Due to recent technological advances and their remarkable performance, Language Models (LLMs) have now been widely adopted by the general population. For example, tools like ChatGPT can compose long responses to user-provided questions, which can help authors and other writers improve their writing style. On the other hand, generative models like HuggingFace’s Stable Diffusion model can directly generate stunning image results from user input. Although these LLMs produce a variety of output, they all share one characteristic in common: they all use text prompts as model input.

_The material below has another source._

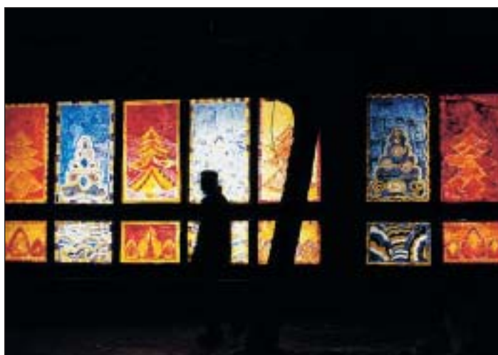
Vitraux inspirés de dessins d'André Evard à Numa-Droz.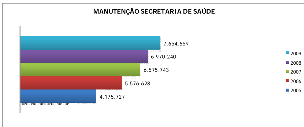
Quadro 1- Recursos aplicados na ação Manutenção da Secretaria de Saúde (valores originais)

Researchers have found that writing quality prompts is one of the fastest and most effective ways to produce better results. This is where rapid engineering comes into play. In natural language processing, fast engineering refers to the process of determining the inputs that provide preferable or practical results. In other words, these methods modify the text input by incorporating suggestions for an artistic style or design elements, such as lighting. For example, a better message might be “a deserted city with empty buildings, greenery, high definition, high quality, photorealistic, ultra-realistic, 4k” instead of “a deserted city with empty buildings.”
Today, a lot of time and effort is spent creating sign engineering tools that can be used to create better text ads as model inputs. As an important step in this direction, Microsoft Research recently released LMOps, a suite of tools for improving text prompts used as input to generative AI models. LMOps is a research initiative aimed at fundamental research to develop fundamental models for AI products, focusing on the underlying technology to provide AI capabilities with LLMs and generative AI models. The toolkit includes Promptist, a prompt interface that optimizes user text input for text-to-image conversion, and Structured Prompt, a method for adding more instances in a few shots learning prompt for text generation. .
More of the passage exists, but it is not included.